Member of the Puerto Rico Senate from the Guayama district
- In office January 2, 2009 – September 16, 2011

Personal details
- Born: August 9, 1949 Patillas, Puerto Rico
- Died: January 4, 2016 (aged 66) Arroyo, Puerto Rico
- Political party: New Progressive Party
- Spouse: Agnes Lopés Santiago
- Alma mater: Pontifical Catholic University of Puerto Rico (BA)
- Profession: Politician

= Antonio Soto Díaz =

Puerto Rican politician

Antonio "Toñito" Soto Díaz (August 9, 1949 – January 4, 2016), commonly known as El Chuchín, was a Puerto Rican politician and former Senator.

== Early years and studies ==

Antonio Soto Díaz was born on August 9, 1949, in Patillas, Puerto Rico. He is the son of farmer Jesús Soto de Jesús and Juana Díaz Torres. He completed his elementary school at the Second Unit School of Pitahaya in Arroyo, and in 1967 graduated from Carmen Bozello de Huyke High School.
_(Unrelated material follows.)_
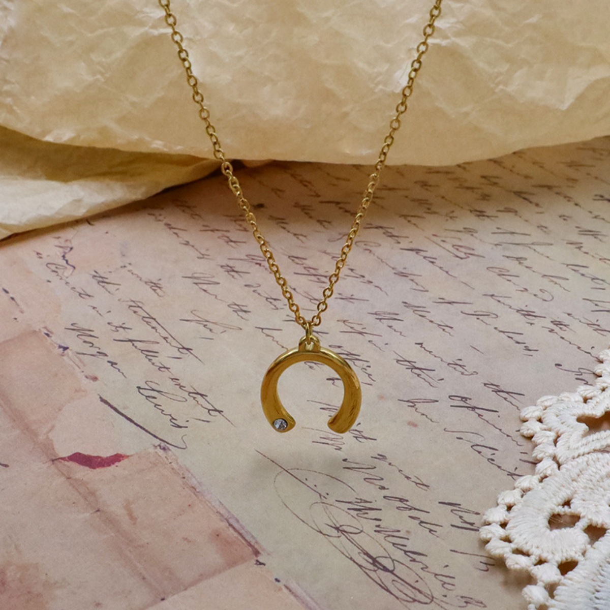18K Gold-Plated Horseshoe Pendant Necklace

In 1977 he completed his bachelor's degree in sociology with a minor in French from the Pontifical Catholic University of Puerto Rico.

== Professional career ==

Soto described himself in an interview as a "hard worker". He said he worked as a barber, school teacher, butcher, carpenter, among other jobs.

In 1978, Soto began law studies in Ponce. At the same time, he entered the professional world, developing an interest in auto sales. He decided to move to Florida and in 1989 became an auto salesman. In 1996, he returned to Puerto Rico, establishing his own auto dealer called Toñito Soto Auto Sales, in Arroyo.

== Political career ==

Soto Díaz was elected to the Senate of Puerto Rico for the Guayama District at the 2008 general elections. Soto received 24.96% of the votes, along with Carlos Javier Torres from the same party. During his time in the Senate, Soto was President of the Committee of Commerce and Cooperativism, as well as vice-president of the Committees of Banking, Consumer Affairs and Public Corporations. He was also a member of the Committees of Agriculture and Government.
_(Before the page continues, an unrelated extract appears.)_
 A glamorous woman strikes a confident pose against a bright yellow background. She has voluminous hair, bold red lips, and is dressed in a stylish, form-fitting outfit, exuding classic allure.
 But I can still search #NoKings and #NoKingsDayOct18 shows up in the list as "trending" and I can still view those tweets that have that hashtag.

On May 31, 2011, Soto admitted that someone had given him a car, specifically a Bentley, because he "was a good guy". This ignited an investigation from the Ethics Committee on the senator's finances which showed some irregularities. Aside of this, there were lawsuits filed by members of his party (Thomas Rivera Schatz) and of the opposing party (Eder Ortiz), among others.
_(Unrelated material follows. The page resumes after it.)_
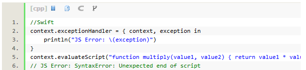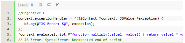 JSContext还有一个独门绝技,就是通过设定上下文环境中exceptionHandler的属性,可以检查和记录语法、类型以及出现的运行时错误。exceptionHandler是一个回调处理程序,主要接收JSContext的reference,进行异常情况处理。
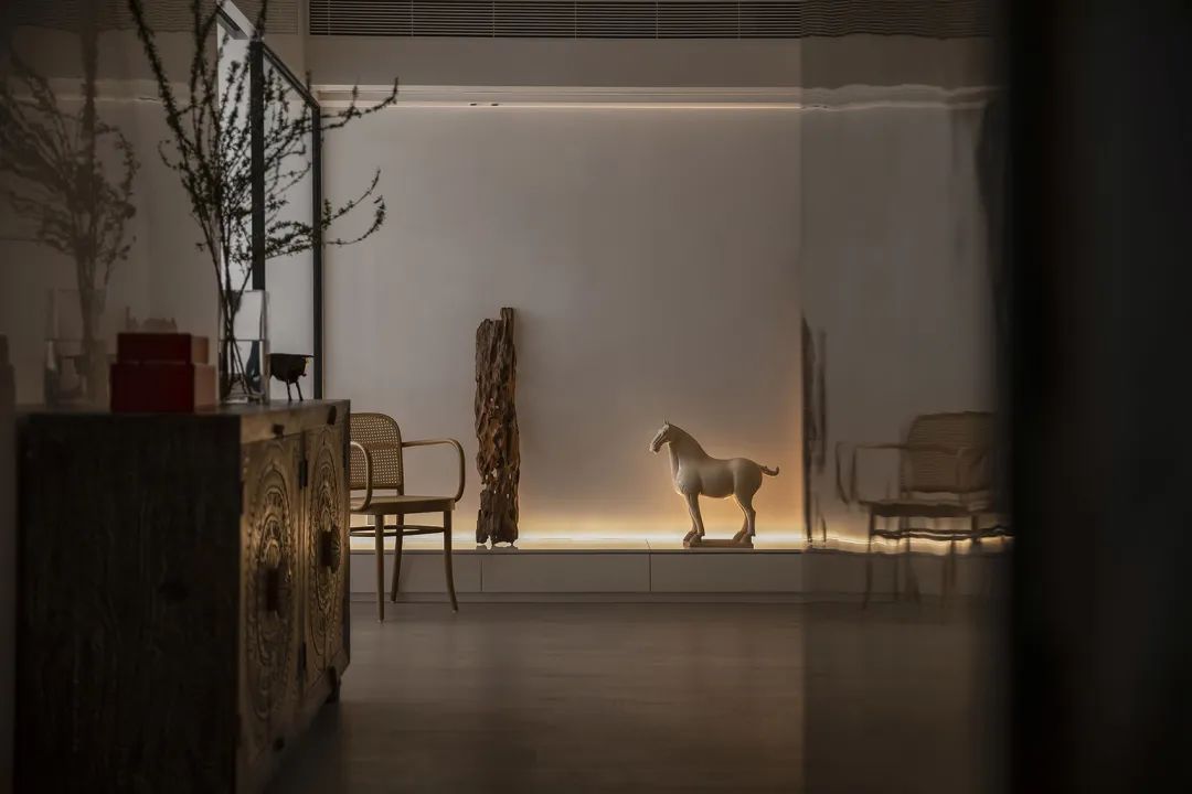 ▲电视墙区域定制地台+暗藏灯带设计,布置一幅大尺寸的抽象艺术画,还有骏马造型的摆饰品,也让空间显得更有独特高级的艺术气质。

The senator was also under criticism for other reasons, like spending too much time in the media, collaborating in radio and comedy shows. He also made an attempt to hire a known model, Yadira Hidalgo, and insinuated he had done it for her physical attributes. Although he denied the claims, the President of the Senate, Thomas Rivera Schatz, ordered him to cancel the pending contract. After that, Soto Díaz claimed he knew witchcraft and said "the ones that twisted my words, will pay". However, he also said that he would dedicate more time to his job as senator instead of "parading to the press".

Several days later, more irregularities arose from the financial reports of his campaign indicating false reports, illegal contributions, and incongruencies in revenues. Soto Díaz denied any wrongdoing and swore he wouldn't resign to his position.

However, on September 14, 2011, Soto Díaz presented his resignation to the Senate of Puerto Rico.

== Legal and health troubles ==

After his resignation from the Senate, Soto Díaz was formally accused of tax evasion and illicit enrichment, when he allegedly received money from the legislative funds for diets illegally. In December 2013, he was presented with the documents regarding the accusations which stated that the events had occurred during a trip to the Dominican Republic.

During the course of the trial, the procedures were repeatedly delayed by alleged health problems of Soto. In 2013, he underwent open-heart surgery, which prompted his defense to seek an arrangement. In December 2015, Soto Díaz pleaded guilty to the charges as part of a settlement in which he would have to return approximately $200,000 to the government.

== Death ==

On January 4, 2016, Soto Díaz was found dead in bed by his wife Agnes Lopés Santiago. His doctor informed that he had died of a heart attack while sleeping. A funeral service for Soto was held at the Convention Center of Arroyo, although according to one of his sons, he didn't want one. His remains were later cremated.

Among the politicians that attended the service were Senator Thomas Rivera Schatz, who referred to him as "a good human being". Former senators Rolando Crespo and Héctor Martínez Maldonado were also among those that attended the funeral.

== Personal life ==

At the time of his death, Soto was married to Agnes Lopés Santiago. They had two children together: Gladimar and Anthony. Soto also had five other children from other relationships: Yadira and Juan Gabriel Soto Martínez, Antonio and Anthony Soto Rivera, and Jinell Soto Figueroa.